News24

Obama: Iran talks to calm 'drums of war'

2012-03-07 13:06

Washington - President Barack Obama said an announcement of six-power talks with Iran offered a diplomatic chance to defuse a crisis over its nuclear programme and quiet the "drums of war".

EU foreign policy chief Catherine Ashton, who represents the United States, Russia, China, France, Britain and Germany in dealings with Iran, announced on Tuesday a fresh bid to allay suspicions that Iran is developing nuclear weapons after weeks of consultations with the other powers.

A date and venue have yet to be agreed for the talks, proposed by Iran after a year's diplomatic standstill that has increased fears of a slide into a new Middle East war.

Amid mounting speculation that Iran's nuclear sites could be attacked in coming months, Obama said that American politicians "beating the drums of war" had a responsibility to explain the costs and benefits of military action.

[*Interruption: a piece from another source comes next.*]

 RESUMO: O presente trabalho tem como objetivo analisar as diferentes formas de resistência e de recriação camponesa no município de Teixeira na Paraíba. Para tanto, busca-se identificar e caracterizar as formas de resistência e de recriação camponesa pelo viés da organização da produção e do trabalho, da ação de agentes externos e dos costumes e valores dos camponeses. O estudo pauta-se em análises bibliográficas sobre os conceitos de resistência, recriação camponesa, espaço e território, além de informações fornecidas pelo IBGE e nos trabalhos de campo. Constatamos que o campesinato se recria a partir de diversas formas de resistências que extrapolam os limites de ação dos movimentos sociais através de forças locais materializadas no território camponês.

He said the notion that the United States needed to make a choice in coming weeks or months was "not borne out by facts".

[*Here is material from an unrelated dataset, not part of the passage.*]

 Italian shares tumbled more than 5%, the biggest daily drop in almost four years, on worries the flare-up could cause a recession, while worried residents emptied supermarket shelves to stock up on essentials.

But he said Washington would "not countenance" Iran getting a nuclear weapon, shortly after Defence Secretary Leon Panetta said the United States would take military action to prevent this happening if diplomacy failed.

Israeli military action

"Military action is the last alternative when all else fails," Panetta told the annual policy conference of the biggest US pro-Israel lobbying group, AIPAC. "But make no mistake, when all else fails, we will act."

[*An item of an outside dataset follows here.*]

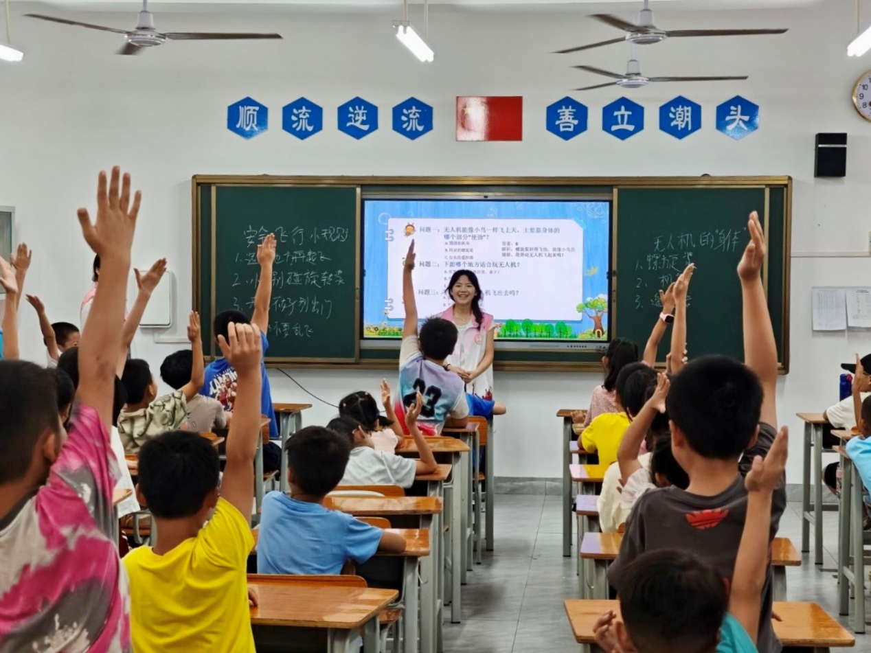 (孩子们在学习“科学实验探索营”课程的无人机试飞部分知识)

With Israel speaking increasingly loudly of resorting to military action, the talks could provide some respite in a crisis that has driven up oil prices and threatened to suck the United States into its third major war in a decade.

Iran's nuclear negotiator, Saeed Jalili, wrote to Ashton in February saying Tehran wanted to re-open negotiations and offering to bring unspecified "new initiatives" to the table.

"Today I have replied to Dr Jalili's letter of February 14," Ashton, speaking on behalf of the six powers after weeks of consultations with them, said in a statement. "I have offered to resume talks with Iran on the nuclear issue."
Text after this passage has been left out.